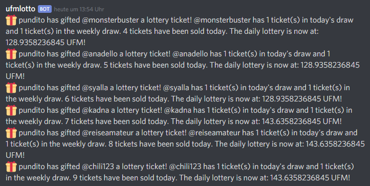 Today's lottery prize is: 153.4358236845 UFM!
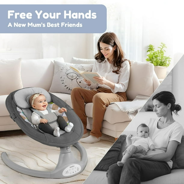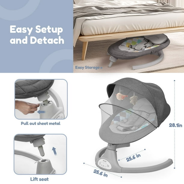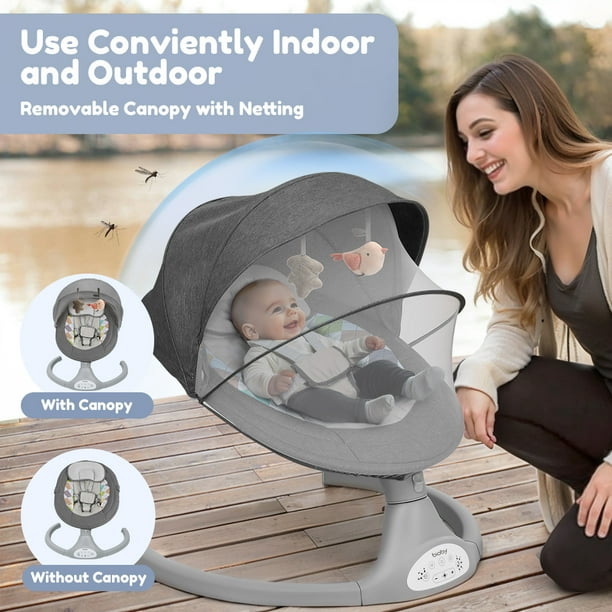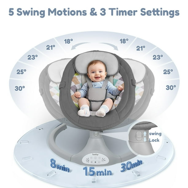 Electric Baby Swing, Bioby Infant Swing Rocker with Remote Control, 5 Sway Speeds, Bluetooth Music, Grey
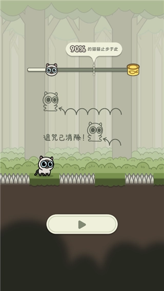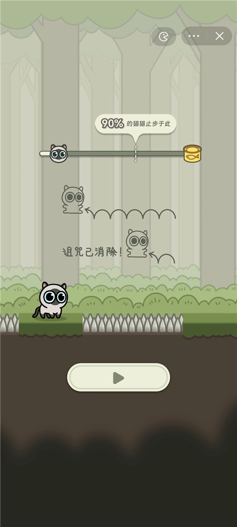 1、游戏玩法很简单,类似于跳一跳,长按蓄力让猫猫起跳。
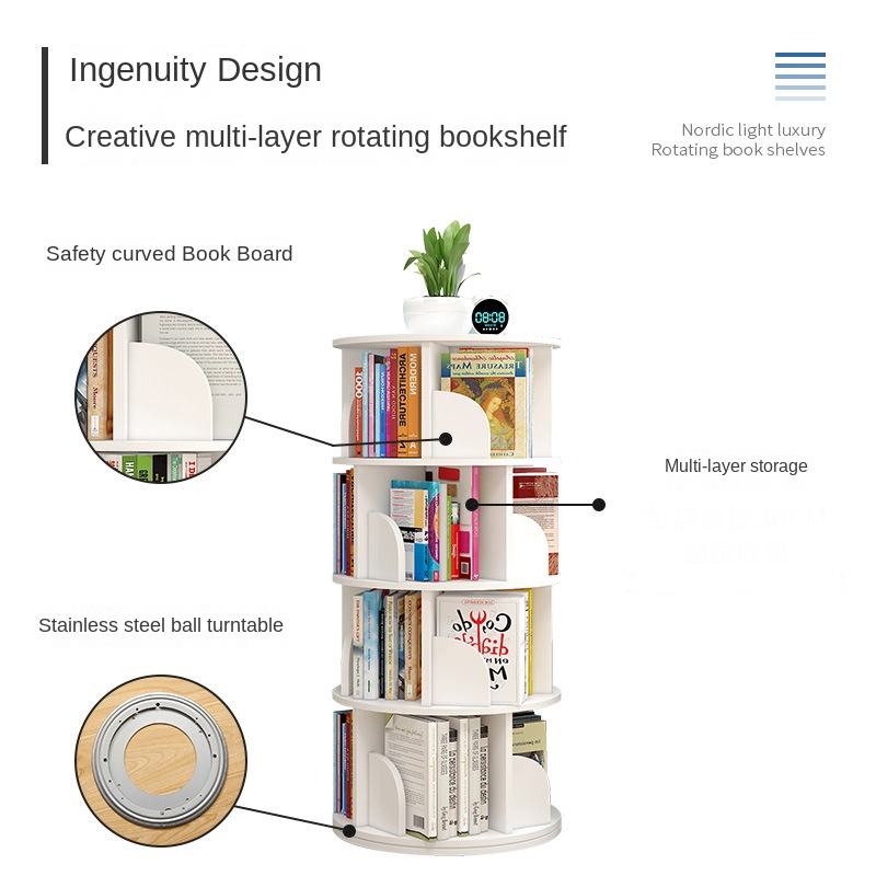Étagère de rangement pour salon, design moderne, 3 niveaux, en bois, rotative à 360 degrés, sur pied, écologique, pour enfants et adultes
▬▬▬▬▬▬
_Try it_: Lines before the one containing "Electric Baby Swing, Bioby" are not wanted; write out that line and every later line through the end of the data above, exactly, without pictures.

_Written answer_:
 Electric Baby Swing, Bioby Infant Swing Rocker with Remote Control, 5 Sway Speeds, Bluetooth Music, Grey
 1、游戏玩法很简单,类似于跳一跳,长按蓄力让猫猫起跳。
Étagère de rangement pour salon, design moderne, 3 niveaux, en bois, rotative à 360 degrés, sur pied, écologique, pour enfants et adultes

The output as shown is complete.